In order to take control of a country, zealots have to undermine not just people who may have been educated to be independent thinkers, but the very idea and legitimacy of a liberal education. Those intent upon spreading belief in “the Big Lie,” for instance, must attack the institutions committed to truth-seeking and a commitment to verifiable evidence.

So we see the escalating attacks on knowledge, on science , on expertise. We see a co-ordinated effort to replace the very concept of education with the far less threatening goal  of job training.

And we see unremitting attacks on the nation’s universities.

I spent twenty-one years as a faculty member at a public university, and I would be the last person to claim that all is well in academia. There are plenty of legitimate criticisms that can–indeed, should–be leveled: bloated administrations, too-cozy relationships with moneyed donors, a knee-jerk tendency to “cancel” proponents of currently unpopular positions, and a depressing willingness to equate academic success with job placement statistics.

That said, the degree to which the GOP is waging war on education–at both the public school and college levels–  seems unprecedented.

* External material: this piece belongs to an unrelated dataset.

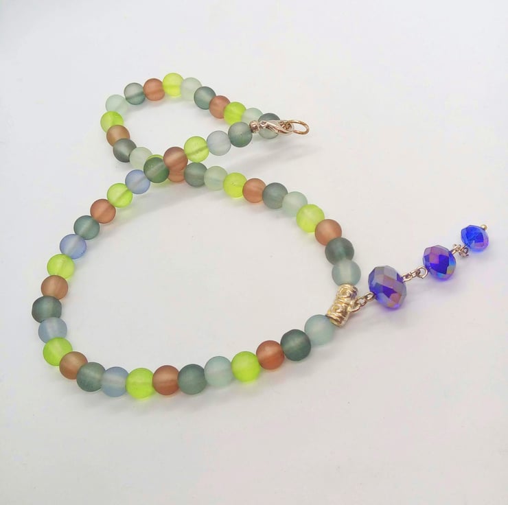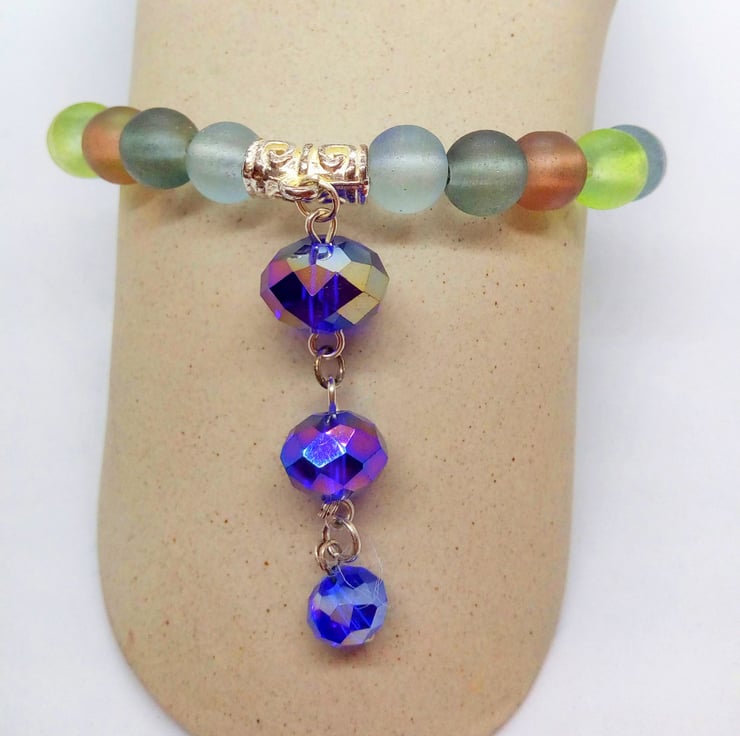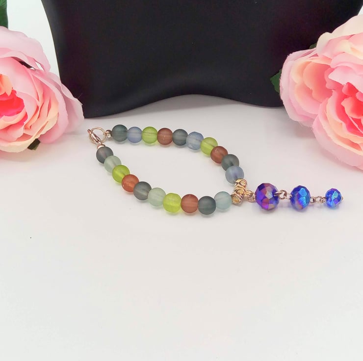 Jewellery Set With Multi Coloured Glass Beads and Blue Crystals, Christmas Gift, Necklace, Earrings, Bracelet, Accessories, Birthday Gift, Anniversary Gift

I’ve previously posted about former Wisconsin Governor Scott Walker’s efforts to destroy the University of Wisconsin–including his attempt to change the century-old mission of the University system by removing language about the “search for truth” and “improving the human condition” and replacing those phrases with “meeting the state’s workforce needs.”

At least Walker understood the need to be sneaky.  Florida Governor Ron DeSantis–a poster boy for today’s GOP–hasn’t bothered to hide his animus for science, truth and higher education. The results have been ugly.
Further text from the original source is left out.